Затем на четвертые сутки они вывалились из смрада и грохота и, раздавленные громадой Москвы, кое-как, не воспринимая собственных жестов и поступков, по какому-то наитию, нашли свое место в партийном общежитии, где постепенно и небезуспешно начали приходить в себя, зализывая раны, поражаясь, восхищаясь, отчаиваясь, с умилением и тоской вспоминая привычное ленивое тифлисское ароматное пространство и лица близких. К счастью, ссадины и ушибы рубцевались по молодости лет стремительно, а к осени те, что должны были о них заботиться, и в самом деле о них не забыли, и они, сжимая в руках бумажное и беспрекословное право, возникли на улице со странным названием "Арбат", вошли в дом 43 и вселились в квартиру 12 на четвертом этаже большого грязно-бежевого дома.
В квартире, о которой вам уже известно, им выпала честь обладать двумя комнатами, расположенными в разных концах длинного коридора. Им пришлось постигать новую коварную науку коммунального сосуществования. Им нужно было преодолеть после тифлисского соседства радушия, открытости и приязни непривычную замкнутость и отгороженность. Нет, не враждеб-ность, упаси Бог, но странную отчужденность и даже холодок, и будто бы отсутствие всякого интереса к вашей жизни.
Они старательно обучались в своей академии новейшим политическим и экономическим искусствам, а по вечерам усваивали жесткие незнакомые навыки коммунального житья. Затем навалилась зима, и их ничтожные южные одежды не справились бы с ее бесчинствами, когда бы не молодость, не надежды да не любовь.
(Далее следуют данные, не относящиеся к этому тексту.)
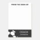 Notas preto e branco à moda modernas na moda personalizadas treinador do futebol. Uma bola de futebol geométrica dá uma sensação moderna a este bloco de notas na moda da nota de post-it. Personalize com nome no branco com fundo preto na parte inferior das notas. Um prático e personaliza o presente para um treinador do futebol da escola.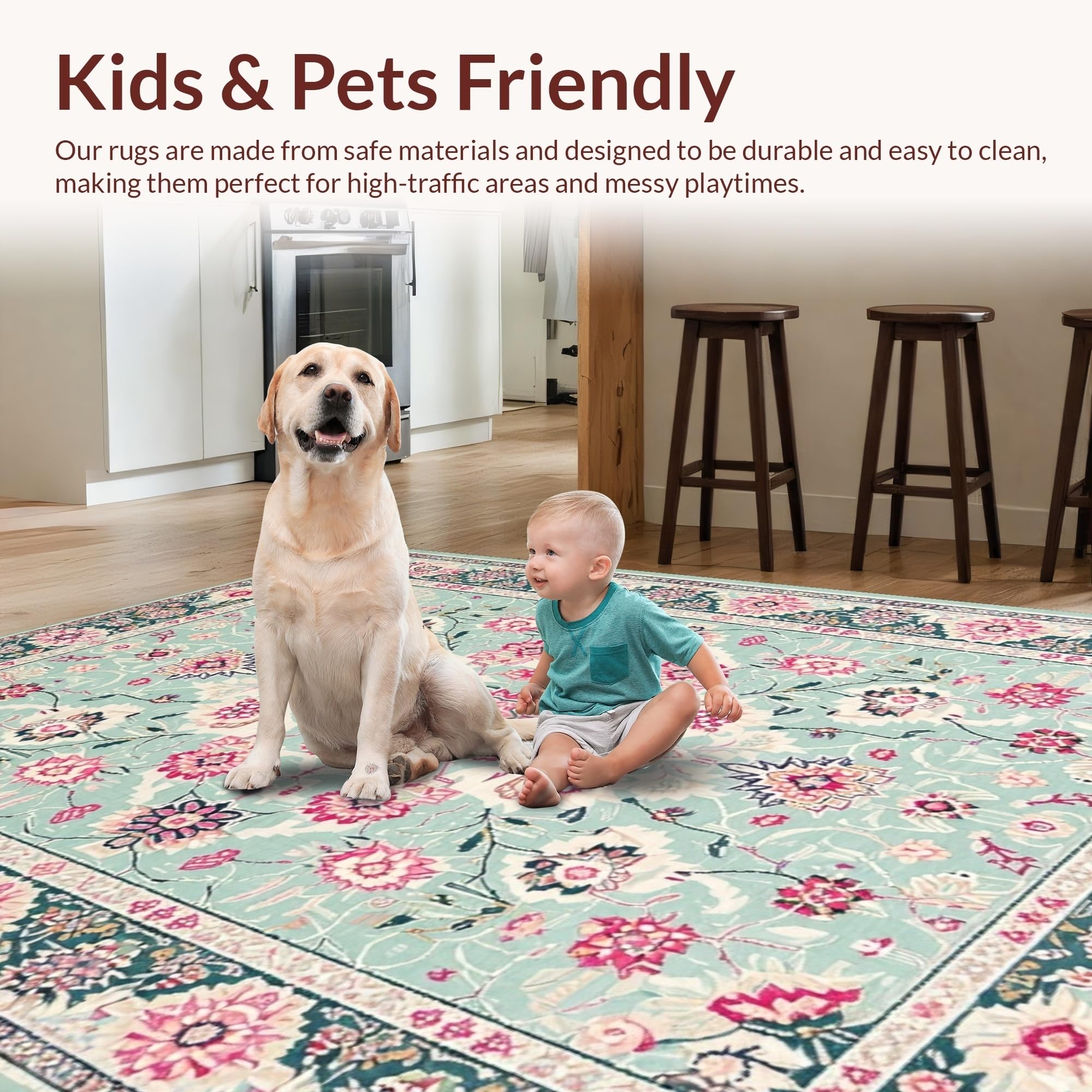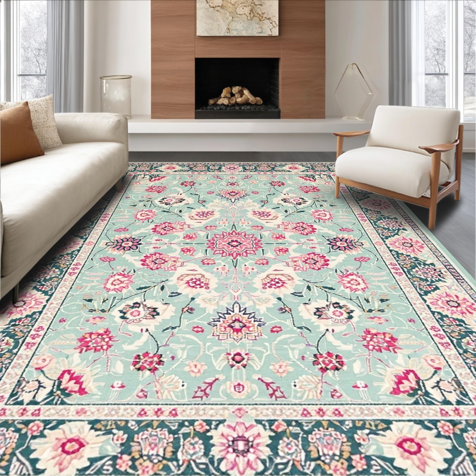 Ultra Soft Area Rug, Non Slip, Stain Resistant, Washable Area Rugs for Living Room, Bedroom, Contemporary Soft Pastel Trellis(Beige) Overview: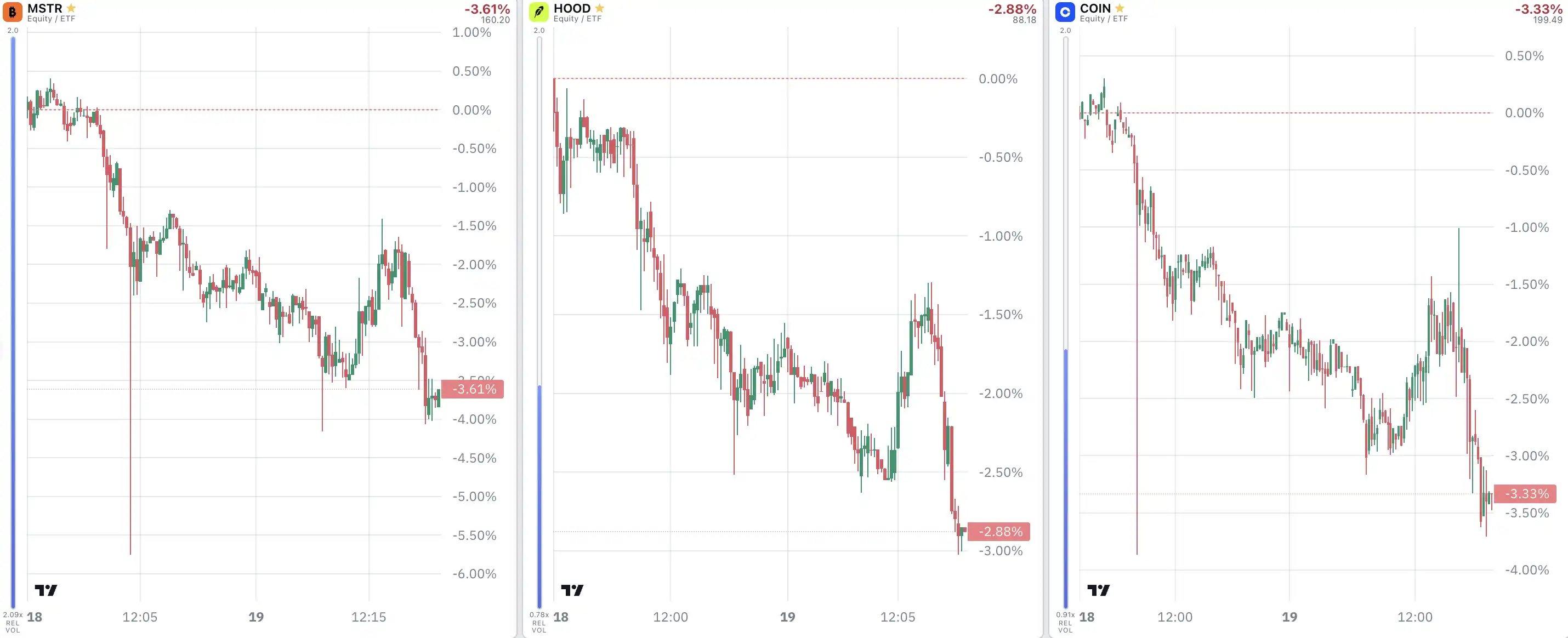 個股方面,三隻加密股表現顯著落後於其他個股。

Из Тифлиса приходили редкие письма, переполненные тревогой и тоской. Ашхен с головой погрузилась в русское море и уже сносно объяснялась и читала запоем. Она огорчалась, если чего-то не могла понять, или когда Шалико, а может быть, кто-то из новых приятелей ловили ее на ошибках в произношении. Это море представлялось ей громадным и бескрайним, и чем дальше, тем бескрайнее. Его величие поражало ее и захватывало дух. И это было для нее открытием. Еще одним открытием было проникновение в их жизнь Манечки - сестры Шалико и ее мужа Алеши Костина. Они жили на Валовой улице на углу Зацепы в коммунальной же квартире, в одной комнатке на север. Союз их был горяч. Это было редкое и удачное слияние грузинского темпера-мента и российской мягкости и великодушия. Ни один из огней не подавлял другого, хотя ароматы сунели, грецких орехов и чеснока в комнатке преобладали. И, конечно, все начиналось с привыч-ного восклицания: "Как ты хорошо выглядишь!", в чем успел понатореть и белобрысый Алеша.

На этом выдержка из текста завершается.